Tompa dodged to the left. Twittering as though in consternation, the Shon followed and again waved the sign in her face. If the whole situation weren’t so upsetting, Tompa would have laughed at its antics.
And in fact, the situation no longer felt threatening. None of the men had come out of the pub and only the geezer was following her. The other protesters had vanished, although the crowd remained in front of the pub. The street was quiet except for the rumble of overhead traffic and some burbling from the Shon baby.
But as she reached the other side of the covered boulevard, the Shons near the pub suddenly screamed a chorus of bleats. Fear! Danger! She understood them perfectly.
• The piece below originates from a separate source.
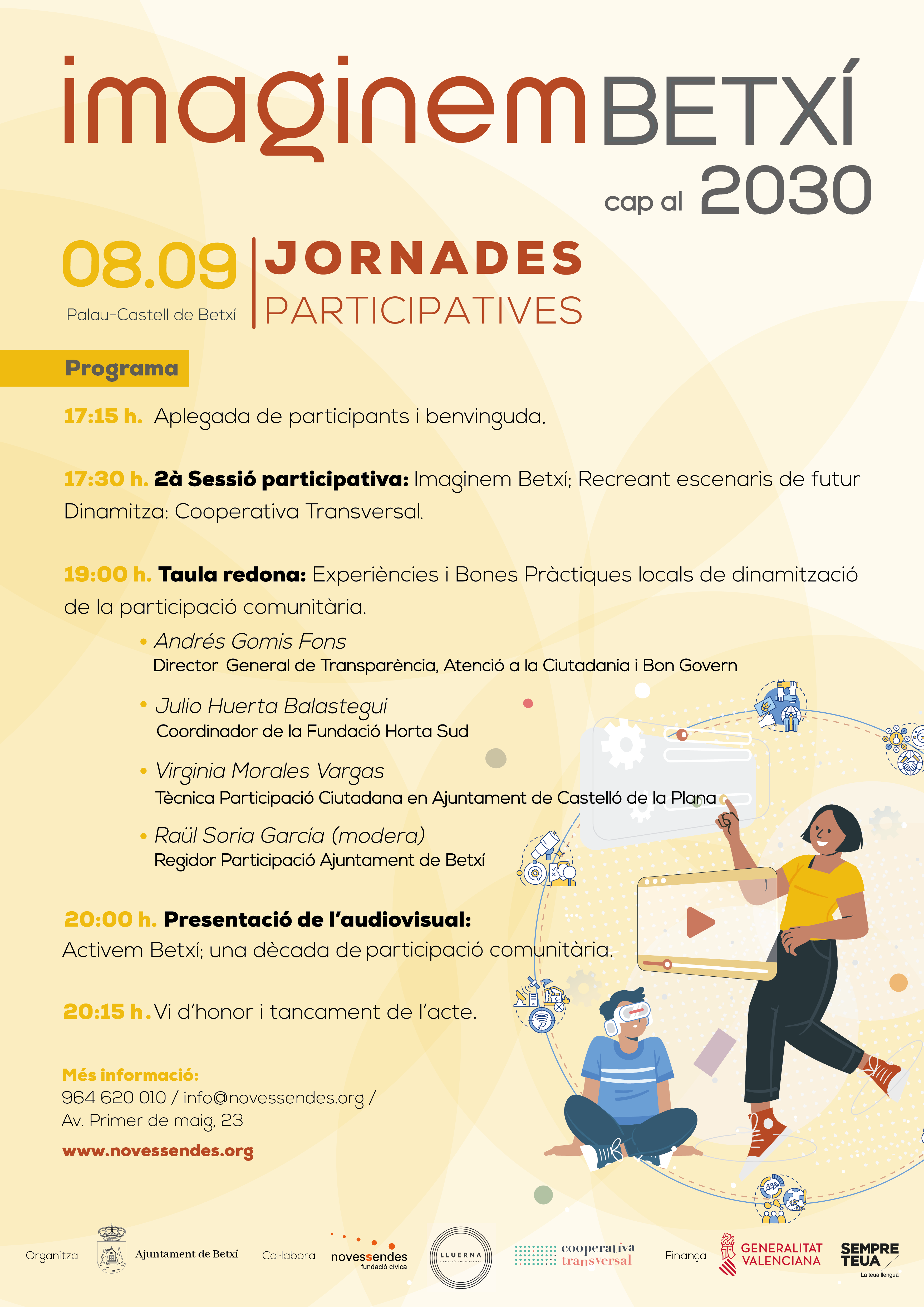La fundació Novessendes, conjuntament amb l’Ajuntament de Betxí, continua celebrant les Jornades Participatives «Imaginem Betxí cap al 2030». La segona sessió tindrà lloc al Palau Castell de Betxí, el proper 8 de setembre.
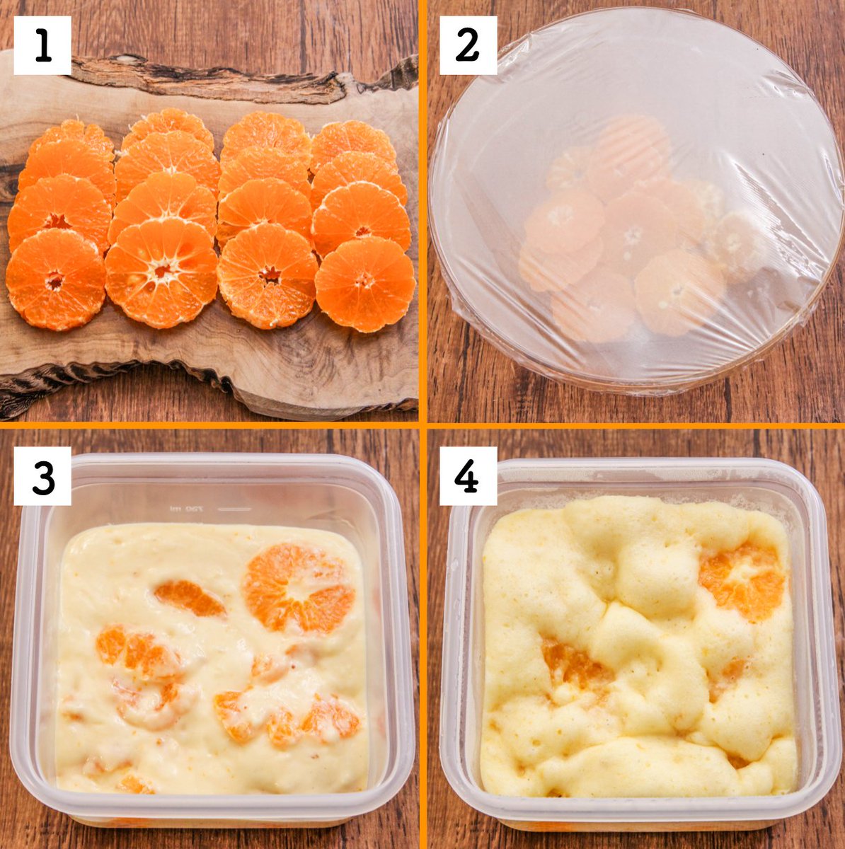 ジューシーみかんケーキをレンジで簡単に🍰。

Tompa spun into a defensive crouch. She saw the object of fear bouncing along the concrete pavement toward the pub windows.
A grenade. Navy model A-140. The most destructive grenade in the arsenal.
“Get down!” she shouted.
The geezer hopped in front of her and again waved the sign. She reached out and flung the Shon sideways into the tunnel-like entrance of a shop. When it tried to get up, snorting, she ran to throw herself on top of it. She almost got there, too.
The blast was so loud she felt it rather than heard it.
As though her entire remaining life was compressed into the moment, things happened in slow motion. Wide-hipped bodies tumbled like dust motes against bright summer sun—bright, because massive chunks of the overhead roadway were falling onto the crowd of Shons. A long, snake-like vehicle fell and exploded in a cascade of sparks and flame.
A severed, six-fingered hand shot from the inferno toward Tompa’s head. Inexplicably sitting on the Shon in the shop doorway, she tried to duck. Her body hadn’t begun to respond when the gory hand slammed into her with the force of a brick.